Virginia Voices on the 2020 Election

The defiance, disbelief, and remedy for the 2020 election results voiced across the nation are stunning. From baseless allegations of fraud to hoarse cries for martial law, voices of folks from the Old Dominion match those in other corners. In context and juxtaposing a few with one another, the similarities resemble a chorus.  

There are some 195 Republican members of the US House of Representatives, and 126 (65%) of them signed onto an amicus brief spearheaded by the Attorney General of Texas to challenge the 2020 voting results in four states. The attorneys general of 18 states, 36% of the total, joined Texas.

In Virginia, three of its 11 House members (27%), Republicans, were among the signers to the Texas challenge.
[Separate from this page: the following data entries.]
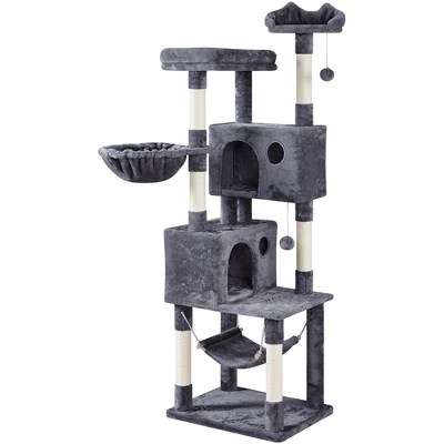 Yaheetech 73″H 4-level Plush Cat Tree Tower with Condos Platform – Dark Gray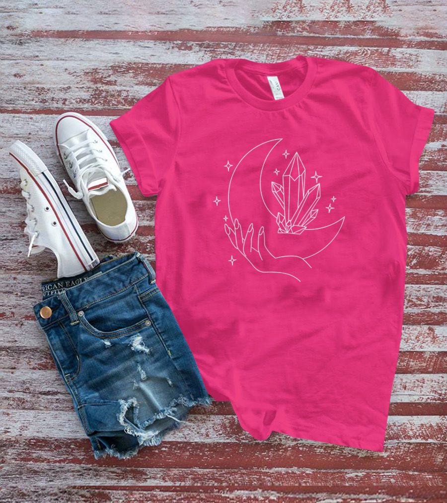The Eleanor Neale Moon Crystal Hand Stars Merch Shirt offers a regular fit. Made from 100% ring-spun cotton that is pre-shrunk to help maintain size and shape after washing. Features reinforced construction details for durability. Available in U.S. standard sizes S-5XL to accommodate various body types.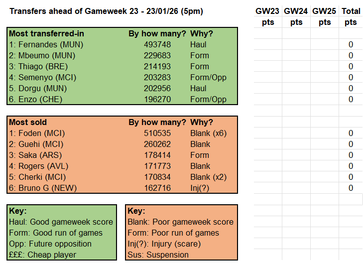 It is the third week in a row for this line-up but Foden will soon to give way – currently to Harry Wilson of Fulham but more likely, by the time we rebalance on Friday, I suspect, to Bruno Fernandes. As you can see in our top-left Herdwatch table below, the Manchester United talisman was the most popular transfer-in ahead of Gameweek 23 – and that despite facing Arsenal away.
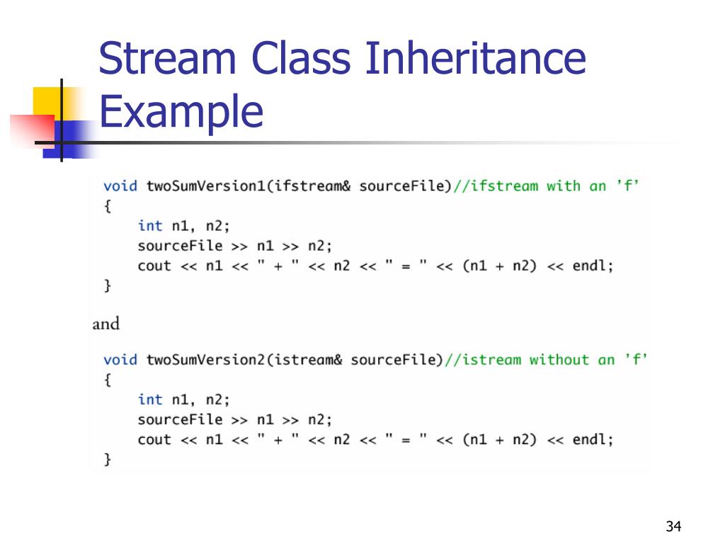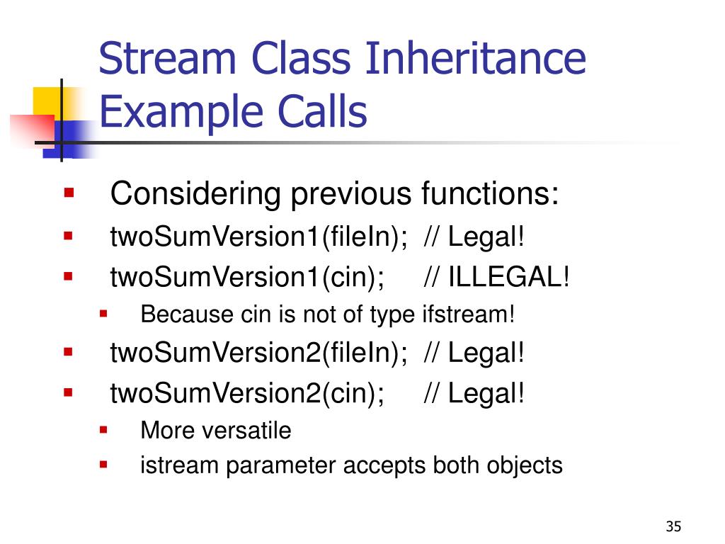 Stream Class Inheritance Example Calls • Considering previous functions: • twoSumVersion1(fileIn); // Legal! • twoSumVersion1(cin); // ILLEGAL! • Because cin is not of type ifstream! • twoSumVersion2(fileIn); // Legal! • twoSumVersion2(cin); // Legal! • More versatile • istream parameter accepts both objects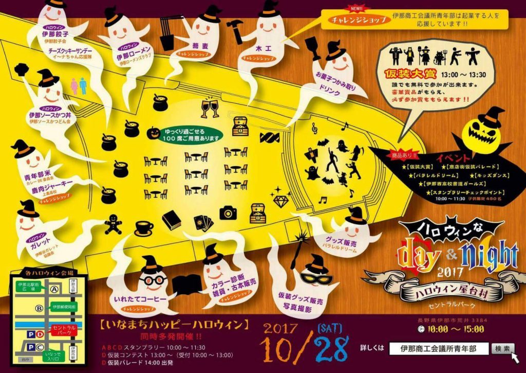 「ハロウィンなday & night 2017」今年も開催します! 昼の部ではセントラルパークにてイベントを開催します❗ ステージイベントは、「伊那西書道ガールズ」や「キッズダンス」、「パラレルドリーム」などがあります! 様々なチャレンジショップ... -
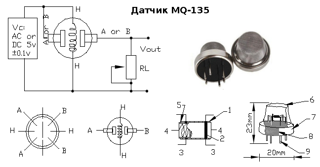 Типы измеряемых газов: аммиак, дым, оксиды азота и углекислого газа, пары спирта и бензола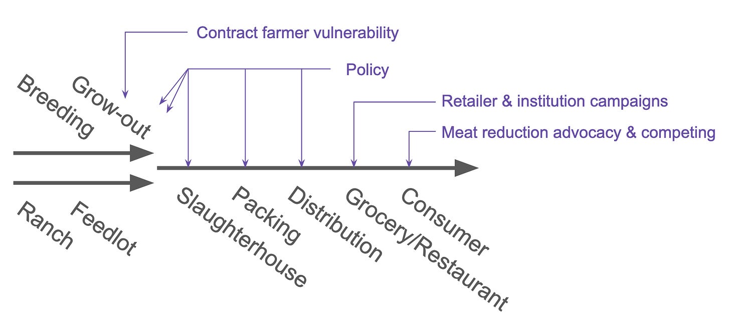 First, a huge portion of all these theories of change funnel through consumer demand in some form. Originally I thought consumer demand was only referring to what people actually choose to buy in the grocery store, but the map made me realize the demand actually cashes out in tons of other ways: which restaurants people go to, which grocery stores they shop at, where they send their kids to school, what conferences they attend, which politicians they elect and what policies they support. This makes me upweight ideas that involve convincing the public that we have a problem, even without making a specific ask.

One of the four House Republicans, Denver Riggleman, who did not win reelection, did not enlist onto the amicus brief with the 126 House Republicans who agreed to the kamikaze lawsuit that SCOTUS summarily dismissed.

About 4.4 million Virginians voted in the 2020 presidential election–2.4 million for the Democrat and 2 million for the Republican. In effect, the three Virginia Republicans voted to nullify the votes of over 4 million, including those votes that elected the four GOP House members. Some have argued that the honorable thing is for the four to resign from Congress as testament to their protest. Riggleman, ousted by the VA GOP, commented:

A lot of people saw that as a threat to their very existence being in Congress. They’re getting pressure from multiple angles. They can come out and say they’re defending the president, knowing that it’s a fool’s errand but that it allows them to stay in good graces with a certain segment of the voting population.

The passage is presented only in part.